Мощнейшая система электронных помех и была главным оружием «Макарова». Выдвижная телескопическая антенна создавала направленное электромагнитное поле, способное вывести любую судовую и авиационную электронику из строя на расстоянии до двадцати морских миль. В наше технологическое время это куда эффективней торпед, мин, ракет и глубинных бомб, ведь мини-подлодка в считаные секунды может превратить самый современный авианосец в груду металлолома.
За экипаж Морской Волк был спокоен: подводники подобрались грамотные, с большим стажем службы, причем служили они на многих субмаринах. За плечами этих офицеров были и многомесячные «автономки», и пожары в отсеках, и потеки контуров в реакторах… Как и у Морского Волка, ни у кого из них не было родных или близких: в экипаж подбирались или бывшие детдомовцы, или холостяки, похоронившие родителей. В этом вопросе Главное управление кадров ВМФ было последовательно; история «Курска» научила многому. А ведь совсекретная мини-субмарина изначально предназначалась для выполнения деликатных заданий, связанных со смертельным риском!

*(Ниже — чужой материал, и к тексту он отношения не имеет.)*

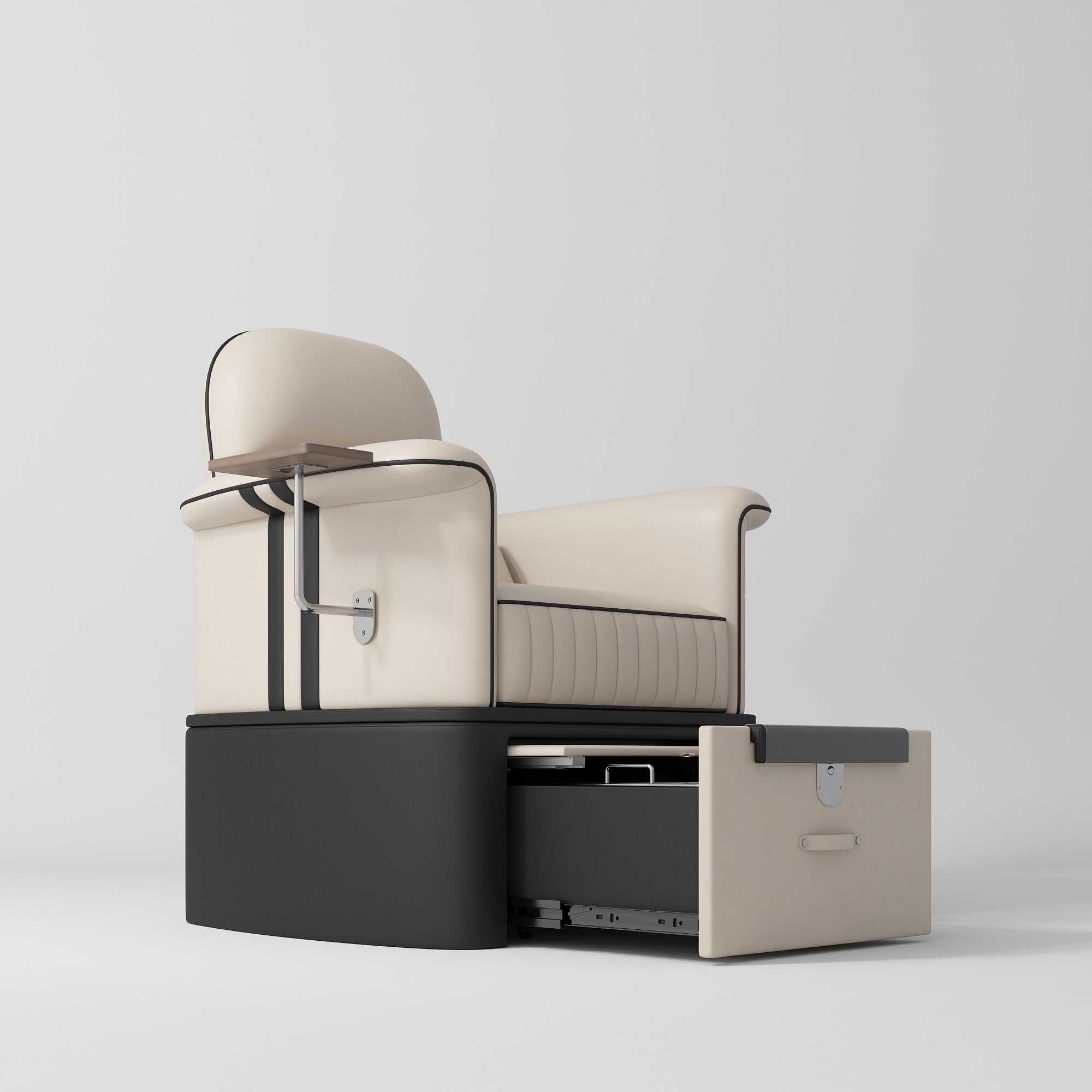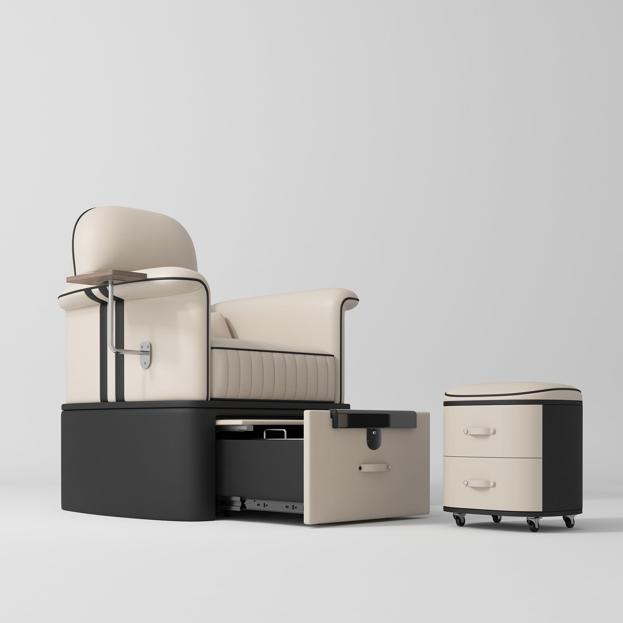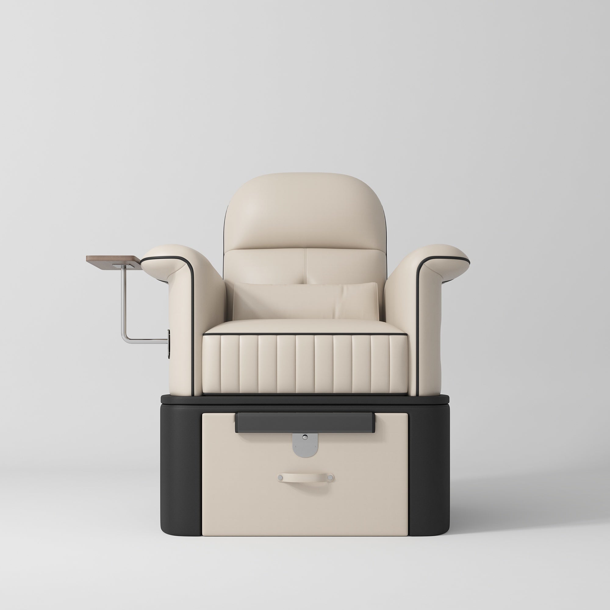 This all-in-one pedicure chair features an integrated foot spa with a hidden footrest, an easy-roll drawer for tidy storage, plus a pull-out foot platform and built-in manicure table for added versatility. Smart, space-saving, and professional, it’s a reliable investment for any busy salon.

В случае попытки захвата противником командир был обязан немедленно уничтожить подлодку вместе с экипажем. Даже если бы кто-то из подводников чудом выжил, ни Военно-морской флот, ни власти не стали бы его защищать. На все иностранные запросы мог быть только один ответ: «Таких людей в российском подплаве никогда не было и нет». Остатки подлодки не могла бы идентифицировать ни одна разведслужба мира: на «Макарове» не было ни одной российской маркировки, а в камбузе – ни одного российского продукта. Отправляясь в дальний поход, подводники сдавали все документы в сейф. Вахтенный журнал велся исключительно на английском. Даже форма и та была без всяких знаков различия, тельники и матросские робы. Да что форма – на борту субмарины не было даже Андреевского флага!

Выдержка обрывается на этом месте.